From a process point of view, the direct process is preferable to the Alcogel process because it is considerably simpler and cheaper. However, it has: the disadvantage that the products lose their mechanical stability on prolonged use at high temperatures, for example after about 48 hours of use at 150 ^° .

Fats produced using the Alcogel process on the other hand, remain stable at this temperature for 120 hours and longer.

It has also been suggested to use aerogels to thicken lubricating oils, but this method is even more expensive .and. more cumbersome than the Alcogel procedure ep. There is another possibility in the production of a colloid in alcoholic solution, but no hydrogels with their special properties are preserved.

The main technical problem involved in incorporating a hydrogel into a lubricating oil consists in removing the hydrogel water in such a way that the gel structure shrinks is avoided. A simple drying of the hydrogel only succeeds in a special case Montmorillonite amine complex.

It has now been found a new process, which the advantages of the Alcogel process and of the direct method, without having their disadvantages, d.
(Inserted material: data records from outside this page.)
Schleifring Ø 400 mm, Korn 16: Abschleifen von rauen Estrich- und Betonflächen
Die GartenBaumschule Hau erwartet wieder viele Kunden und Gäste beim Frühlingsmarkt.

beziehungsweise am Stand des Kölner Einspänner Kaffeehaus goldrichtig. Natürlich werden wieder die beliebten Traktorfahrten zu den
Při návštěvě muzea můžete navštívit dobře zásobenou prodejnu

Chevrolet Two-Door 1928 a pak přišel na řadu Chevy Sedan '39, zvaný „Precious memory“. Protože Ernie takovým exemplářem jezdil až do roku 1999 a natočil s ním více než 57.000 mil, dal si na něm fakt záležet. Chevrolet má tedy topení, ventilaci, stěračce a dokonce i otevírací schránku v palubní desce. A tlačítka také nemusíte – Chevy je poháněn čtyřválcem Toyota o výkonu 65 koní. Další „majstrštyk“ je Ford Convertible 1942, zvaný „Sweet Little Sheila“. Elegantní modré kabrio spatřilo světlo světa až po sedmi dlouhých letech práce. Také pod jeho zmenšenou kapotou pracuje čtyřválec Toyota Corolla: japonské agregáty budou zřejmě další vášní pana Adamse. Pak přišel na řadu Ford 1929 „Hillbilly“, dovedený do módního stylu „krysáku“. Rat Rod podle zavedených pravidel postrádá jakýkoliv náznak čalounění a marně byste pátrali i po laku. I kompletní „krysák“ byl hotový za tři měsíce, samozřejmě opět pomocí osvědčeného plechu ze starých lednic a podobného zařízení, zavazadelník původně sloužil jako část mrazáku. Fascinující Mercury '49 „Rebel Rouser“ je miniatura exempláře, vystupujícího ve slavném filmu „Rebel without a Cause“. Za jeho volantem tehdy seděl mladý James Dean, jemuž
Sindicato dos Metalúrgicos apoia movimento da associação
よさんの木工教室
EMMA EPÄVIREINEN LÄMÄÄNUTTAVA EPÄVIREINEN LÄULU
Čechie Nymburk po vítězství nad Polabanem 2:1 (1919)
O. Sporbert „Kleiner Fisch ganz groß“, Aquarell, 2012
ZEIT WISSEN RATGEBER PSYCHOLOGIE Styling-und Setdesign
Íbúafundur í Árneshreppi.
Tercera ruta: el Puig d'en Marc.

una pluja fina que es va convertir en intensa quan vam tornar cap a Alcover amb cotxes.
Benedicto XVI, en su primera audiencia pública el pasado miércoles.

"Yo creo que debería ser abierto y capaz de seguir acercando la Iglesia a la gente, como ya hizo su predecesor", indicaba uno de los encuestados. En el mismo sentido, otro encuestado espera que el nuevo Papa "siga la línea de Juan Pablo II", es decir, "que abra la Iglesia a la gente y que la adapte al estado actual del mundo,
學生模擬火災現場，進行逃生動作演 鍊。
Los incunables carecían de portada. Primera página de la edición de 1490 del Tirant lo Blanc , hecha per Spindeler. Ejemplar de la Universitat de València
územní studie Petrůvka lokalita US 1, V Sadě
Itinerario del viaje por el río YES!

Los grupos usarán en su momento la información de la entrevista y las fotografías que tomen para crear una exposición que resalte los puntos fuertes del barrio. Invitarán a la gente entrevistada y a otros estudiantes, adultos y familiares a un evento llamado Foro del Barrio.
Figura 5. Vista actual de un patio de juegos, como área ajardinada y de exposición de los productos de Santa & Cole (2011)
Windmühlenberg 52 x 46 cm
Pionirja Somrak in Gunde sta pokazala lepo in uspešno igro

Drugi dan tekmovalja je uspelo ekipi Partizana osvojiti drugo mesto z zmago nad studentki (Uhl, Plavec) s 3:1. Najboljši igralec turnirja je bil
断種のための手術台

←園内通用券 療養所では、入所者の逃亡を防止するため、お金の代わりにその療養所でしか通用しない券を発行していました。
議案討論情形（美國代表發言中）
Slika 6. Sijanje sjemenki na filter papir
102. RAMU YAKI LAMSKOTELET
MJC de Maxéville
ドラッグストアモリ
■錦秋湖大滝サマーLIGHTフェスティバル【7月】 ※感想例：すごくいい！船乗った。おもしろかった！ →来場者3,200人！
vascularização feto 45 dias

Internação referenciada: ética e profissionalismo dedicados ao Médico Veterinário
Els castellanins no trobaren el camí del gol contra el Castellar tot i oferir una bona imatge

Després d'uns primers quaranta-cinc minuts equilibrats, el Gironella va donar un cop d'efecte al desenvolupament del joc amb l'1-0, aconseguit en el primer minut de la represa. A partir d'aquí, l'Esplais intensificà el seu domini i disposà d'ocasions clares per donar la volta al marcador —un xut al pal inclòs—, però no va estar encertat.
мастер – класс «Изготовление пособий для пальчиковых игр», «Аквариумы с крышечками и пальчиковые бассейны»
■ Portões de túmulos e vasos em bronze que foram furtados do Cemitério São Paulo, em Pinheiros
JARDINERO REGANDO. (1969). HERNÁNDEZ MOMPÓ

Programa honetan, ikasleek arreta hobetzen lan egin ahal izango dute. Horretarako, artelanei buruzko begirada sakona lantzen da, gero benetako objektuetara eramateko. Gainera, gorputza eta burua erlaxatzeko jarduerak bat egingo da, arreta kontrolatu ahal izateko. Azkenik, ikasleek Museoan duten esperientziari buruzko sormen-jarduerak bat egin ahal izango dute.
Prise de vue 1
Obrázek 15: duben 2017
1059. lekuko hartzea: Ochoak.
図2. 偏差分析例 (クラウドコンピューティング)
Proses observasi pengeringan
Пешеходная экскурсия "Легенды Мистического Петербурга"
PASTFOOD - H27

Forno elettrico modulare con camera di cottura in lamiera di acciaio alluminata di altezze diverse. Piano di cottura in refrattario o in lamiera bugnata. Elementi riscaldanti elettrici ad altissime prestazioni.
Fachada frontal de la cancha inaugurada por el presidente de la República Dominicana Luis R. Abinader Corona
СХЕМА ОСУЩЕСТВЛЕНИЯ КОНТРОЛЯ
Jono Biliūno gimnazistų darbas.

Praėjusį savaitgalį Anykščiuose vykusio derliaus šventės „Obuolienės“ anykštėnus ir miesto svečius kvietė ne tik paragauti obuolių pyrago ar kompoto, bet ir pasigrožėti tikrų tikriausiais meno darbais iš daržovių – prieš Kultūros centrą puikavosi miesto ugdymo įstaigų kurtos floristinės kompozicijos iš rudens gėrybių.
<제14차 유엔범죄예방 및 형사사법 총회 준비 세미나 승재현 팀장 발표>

H. which with a single Work stage works and yet the production of thickened lubricating oils and greases with one excellent mechanical stability. high temperatures.

According to the invention, thickened lubricating oils and greases are produced. that. one a Inorganic colloid hydrogel with a lubricating oil and such. Amount of a multiple! The solvent is for the lubricating oil and water that mixes when heating the mixture, if necessary under pressure, a homogeneous, liquid phase is obtained, then the mixture such Exposure to temperature and pressure conditions that a homogeneous, liquid phase is obtained, and the water and optionally the multiple solvent is distilled off, said liquid phase remains homogeneous.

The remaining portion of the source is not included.